▶ **What you should do**: Every line from the one holding "Actuación en el" through the one holding "Esta plaza ha" in the data below must be returned exactly, both ends included, with pictures left out and nothing else added.

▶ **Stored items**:

■ ■ ■ ■

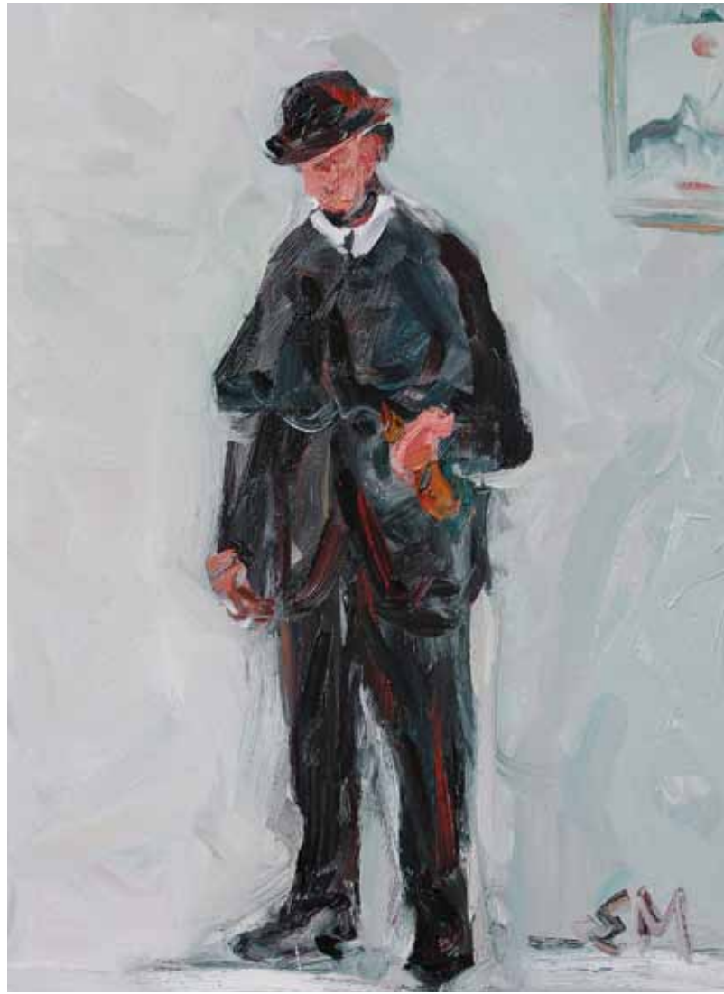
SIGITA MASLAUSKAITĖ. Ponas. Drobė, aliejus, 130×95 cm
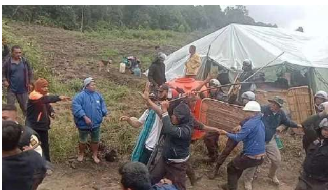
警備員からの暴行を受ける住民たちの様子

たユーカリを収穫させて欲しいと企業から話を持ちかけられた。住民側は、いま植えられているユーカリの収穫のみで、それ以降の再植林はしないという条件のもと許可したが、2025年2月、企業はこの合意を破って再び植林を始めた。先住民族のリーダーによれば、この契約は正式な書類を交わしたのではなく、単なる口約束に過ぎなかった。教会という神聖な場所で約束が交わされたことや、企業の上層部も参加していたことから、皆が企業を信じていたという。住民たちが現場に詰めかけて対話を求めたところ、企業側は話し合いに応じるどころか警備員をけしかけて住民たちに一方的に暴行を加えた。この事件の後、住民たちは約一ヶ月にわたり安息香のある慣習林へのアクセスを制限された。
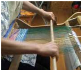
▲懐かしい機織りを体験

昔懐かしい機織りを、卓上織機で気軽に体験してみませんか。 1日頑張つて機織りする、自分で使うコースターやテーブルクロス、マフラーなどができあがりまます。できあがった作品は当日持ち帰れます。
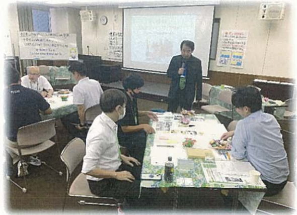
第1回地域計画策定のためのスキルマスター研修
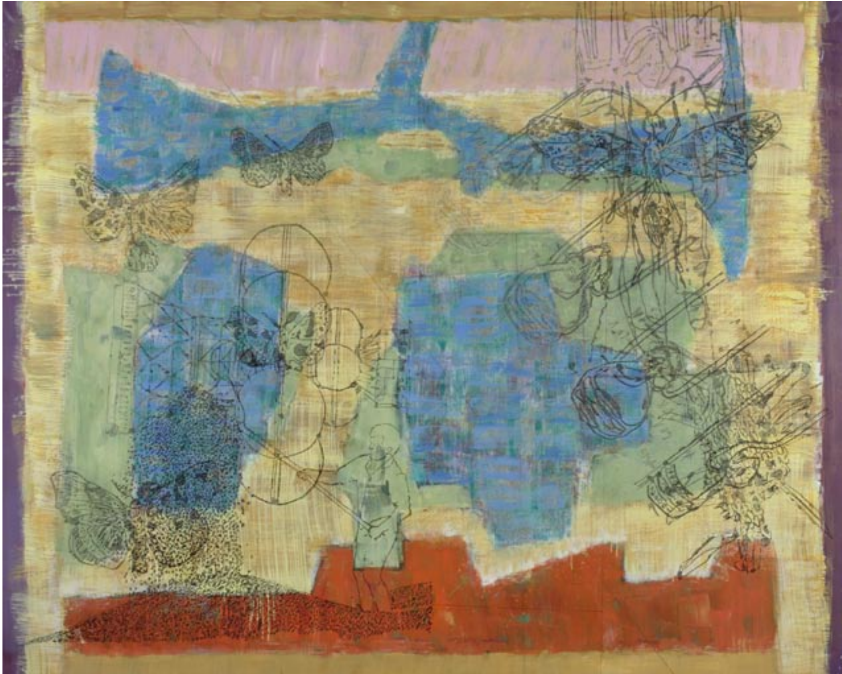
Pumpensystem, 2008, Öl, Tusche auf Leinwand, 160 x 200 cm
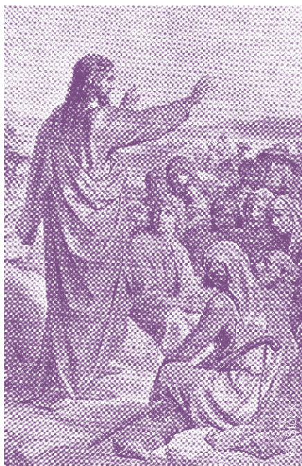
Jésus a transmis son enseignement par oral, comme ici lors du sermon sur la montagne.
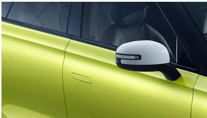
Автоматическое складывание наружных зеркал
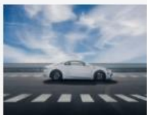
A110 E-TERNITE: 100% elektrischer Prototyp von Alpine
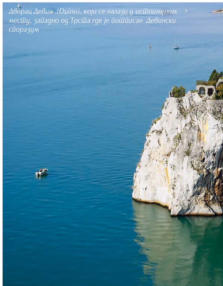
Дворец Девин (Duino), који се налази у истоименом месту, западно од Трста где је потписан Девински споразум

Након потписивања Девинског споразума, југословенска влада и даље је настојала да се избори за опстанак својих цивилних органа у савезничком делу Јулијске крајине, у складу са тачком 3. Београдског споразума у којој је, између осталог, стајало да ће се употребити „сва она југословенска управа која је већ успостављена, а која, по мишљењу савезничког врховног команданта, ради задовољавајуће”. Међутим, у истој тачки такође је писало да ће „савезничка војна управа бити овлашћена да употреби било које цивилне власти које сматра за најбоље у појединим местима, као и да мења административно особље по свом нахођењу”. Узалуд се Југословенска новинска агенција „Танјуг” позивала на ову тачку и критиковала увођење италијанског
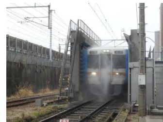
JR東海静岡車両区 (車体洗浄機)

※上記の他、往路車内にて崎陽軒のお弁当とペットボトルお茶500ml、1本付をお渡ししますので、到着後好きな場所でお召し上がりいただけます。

■ ■ ■ ■

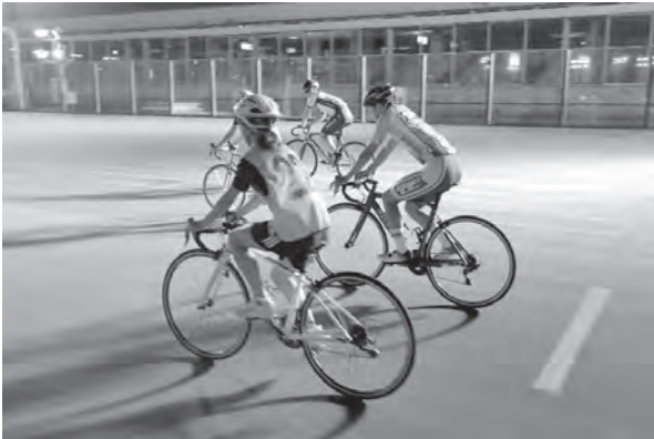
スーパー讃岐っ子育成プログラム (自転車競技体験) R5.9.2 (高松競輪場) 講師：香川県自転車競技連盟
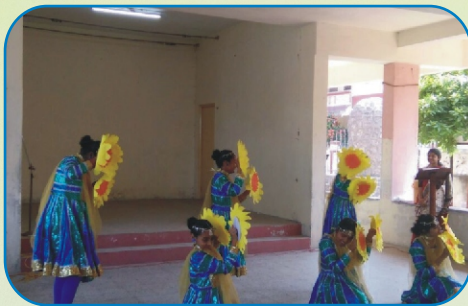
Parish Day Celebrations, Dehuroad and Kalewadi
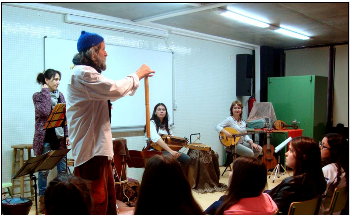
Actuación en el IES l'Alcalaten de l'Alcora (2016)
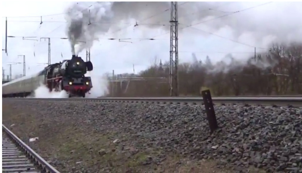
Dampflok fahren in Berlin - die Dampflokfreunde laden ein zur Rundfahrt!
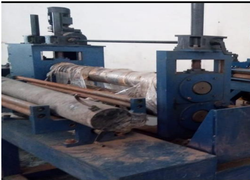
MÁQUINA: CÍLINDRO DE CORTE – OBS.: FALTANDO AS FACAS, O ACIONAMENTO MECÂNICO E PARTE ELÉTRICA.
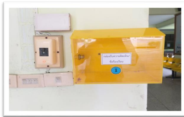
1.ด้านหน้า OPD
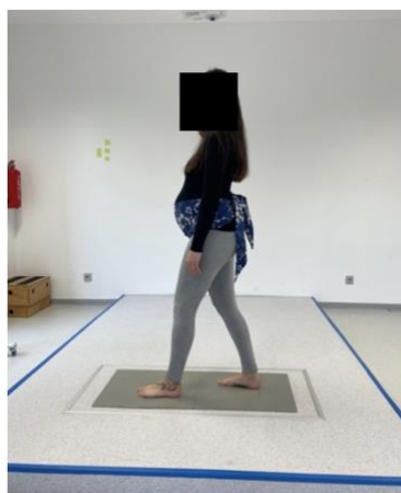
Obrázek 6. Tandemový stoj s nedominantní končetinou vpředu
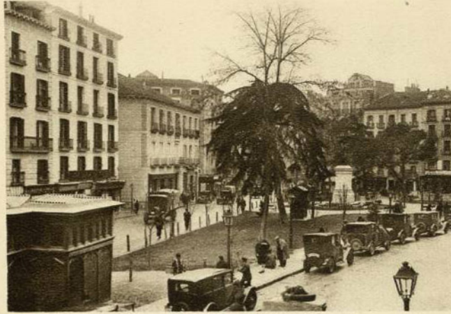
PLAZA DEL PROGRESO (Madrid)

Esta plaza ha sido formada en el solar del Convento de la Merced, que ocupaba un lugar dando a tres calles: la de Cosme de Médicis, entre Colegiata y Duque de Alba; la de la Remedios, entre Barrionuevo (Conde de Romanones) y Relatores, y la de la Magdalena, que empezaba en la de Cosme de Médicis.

■ ■ ■ ■

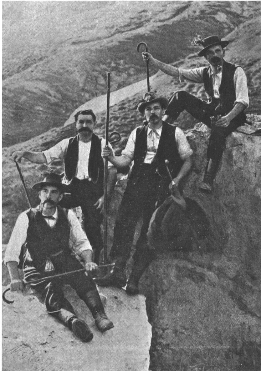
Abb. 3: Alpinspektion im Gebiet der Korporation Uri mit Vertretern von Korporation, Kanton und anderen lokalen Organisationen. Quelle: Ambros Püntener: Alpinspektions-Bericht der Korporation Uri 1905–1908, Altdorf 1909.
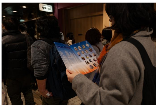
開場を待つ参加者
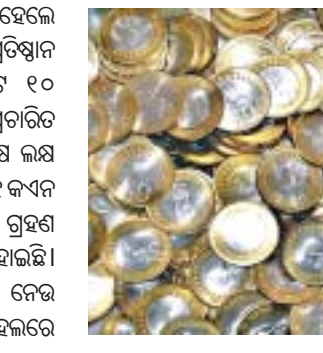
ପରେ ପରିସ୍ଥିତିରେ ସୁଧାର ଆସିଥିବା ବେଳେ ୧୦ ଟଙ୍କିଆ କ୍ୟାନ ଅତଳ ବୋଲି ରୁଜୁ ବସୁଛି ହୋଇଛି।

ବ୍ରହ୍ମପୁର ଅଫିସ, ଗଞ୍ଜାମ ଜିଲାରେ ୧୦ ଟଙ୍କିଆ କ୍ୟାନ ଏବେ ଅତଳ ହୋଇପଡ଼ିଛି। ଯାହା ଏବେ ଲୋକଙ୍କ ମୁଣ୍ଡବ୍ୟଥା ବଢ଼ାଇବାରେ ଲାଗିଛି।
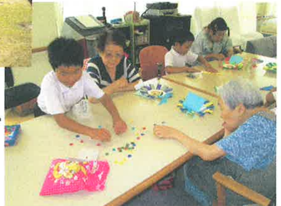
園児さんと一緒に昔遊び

■ ■ ■ ■

▶ **Your response**:
Actuación en el IES l'Alcalaten de l'Alcora (2016)
Dampflok fahren in Berlin - die Dampflokfreunde laden ein zur Rundfahrt!
MÁQUINA: CÍLINDRO DE CORTE – OBS.: FALTANDO AS FACAS, O ACIONAMENTO MECÂNICO E PARTE ELÉTRICA.
1.ด้านหน้า OPD
Obrázek 6. Tandemový stoj s nedominantní končetinou vpředu
PLAZA DEL PROGRESO (Madrid)

Esta plaza ha sido formada en el solar del Convento de la Merced, que ocupaba un lugar dando a tres calles: la de Cosme de Médicis, entre Colegiata y Duque de Alba; la de la Remedios, entre Barrionuevo (Conde de Romanones) y Relatores, y la de la Magdalena, que empezaba en la de Cosme de Médicis.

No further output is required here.